La prison du « soi »

Être influenceur à succès, c’est bien souvent être à la fois son propre produit et son propre support (surtout pour la « nouvelle génération »: les blogueurs, vlogueurs et instagrammeurs qui partagent leur vie quotidienne et non pas forcément de véritables « sujets »). La pression à se mettre en scène existe réellement (elle était d’ailleurs bien moindre avant l’apparition d’Instagram et Snap… d’ailleurs qui se rappelle de l’ère des blogueuses à tête coupée/floutée ou à pseudonyme ? je ne vois personne lever la main parmi les plus jeunes d’entre vous !). Elle provient non seulement des lecteurs (qui en veulent toujours plus, toujours plus souvent et qui vont dans certains cas jusqu’au harcèlement pour témoigner leur impatience !), mais aussi des marques (qui ont tendance à oublier que les blogueurs sont des individus avant d’être des espaces publicitaires à prix avantageux). Autant vous dire que vouloir satisfaire l’appétit insatiable de ces deux parties peut rendre dingue. Autre implication négative: chercher à contenter tous ces publics virtuels – avec du contenu toujours plus « wahou » – peut également faire saturer l’entourage IRL, de la vraie vie. Des histoires de proches « jaloux » de leur ami « influent » et de sa « vie de rêve », j’en aurais à la pelle à vous raconter…

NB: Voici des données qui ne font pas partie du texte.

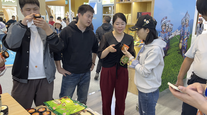 展會(huì)現(xiàn)場(chǎng),除了大家熟悉的恩施玉露、利川紅等知名恩施產(chǎn)品,許多新的恩施符號(hào)也閃亮登場(chǎng)。其中,鶴峰館中的一罐風(fēng)味拌飯醬因其口味獨(dú)特、百搭下飯而深受消費(fèi)者追捧?,F(xiàn)場(chǎng)負(fù)責(zé)人形容【這是一捧來自田間地頭的新鮮“鍋氣”】

C’est donc une sorte de cercle vicieux dans lequel on se retrouve parfois seul et prisonnier.

 

Une réalité réalisée avec trucages

J’ai passé pas mal de temps au bord de l’eau cet été, j’ai donc eu de sacrés échantillons de corps à observer. Je peux vous affirmer que les instagram booties et autres bikini ready bodies n’existent pas. Enfin, si, ils existent, le temps d’une photo seulement: si ce n’est pas un effort d’angle, de lumière ou de contraction, ce sera sans doute une petite (lol) intervention Photoshop ou Facetune. Je ne vous apprends rien (enfin j’espère !), mais je pense qu’il est toujours très important de le répéter (surtout quand on voit que même les gourous de la sacro-sainte « estime de soi » sont elles-mêmes friandes de ce genre de coups de pouce digital !). Les « célébrités d’Instagram » (c’est drôle comme désignation d’ailleurs) ont toujours dans leurs équipes plusieurs retoucheurs qui viennent tuner leurs clichés avant publication. Publication qui sera bien entendu hashtaguée #nomakeup #wakeuplikethis et #bodypositive. Beaucoup de blogueurs « voyages » n’ont même pas le temps de profiter de leur séjour car ils passent le plus clair de leur temps à chercher les plus beaux spots et tenter les poses les plus spectaculaires pour alimenter leur feed de ouf. Et cetera, et cetera. On est donc loin de l’esprit blog « vraie vie » de départ: motiver les gens au sport en leur faisant miroiter de faux résultats, présenter un établissement que l’on n’a même pas eu le temps de visiter en réalité, partager son « outfit of the day » alors qu’il fait partie des quinze tenues shootés la veille dans douze décors différents pour avoir son contenu de la semaine, poster son petit-déjeûner smoothie minute-granola-avocado toast dans son #GRWM alors qu’on prend à peine le temps de boire un jus d’orange en temps normal ? Pardon mais, comme demanderait Francis, est-ce que ce monde est sérieux ?

Tout ceci n’a rien de « réel », ni même de « social »… et a, de surcroit, l’inconvénient d’entraîner tout le monde dans cette course au paraître et à la perfection (même les « pauvres » utilisateurs lambda qui étaient auparavant là uniquement pour kiffer et s’évader cinq minutes…). J’ai parfois même un peu honte de contribuer à cet énorme mytho. Comme n’importe quel individu sur cette terre, je me retrouve chaque jour face à des problèmes ou des déconvenues… je n’en parle jamais (du moins, rarement) en ligne car, tout bêtement, cela ne regarde personne d’autre que moi (et éventuellement mes proches). ET PUIS, FRANCHEMENT, QUI S’EN FOUT ? TOUT LE MONDE.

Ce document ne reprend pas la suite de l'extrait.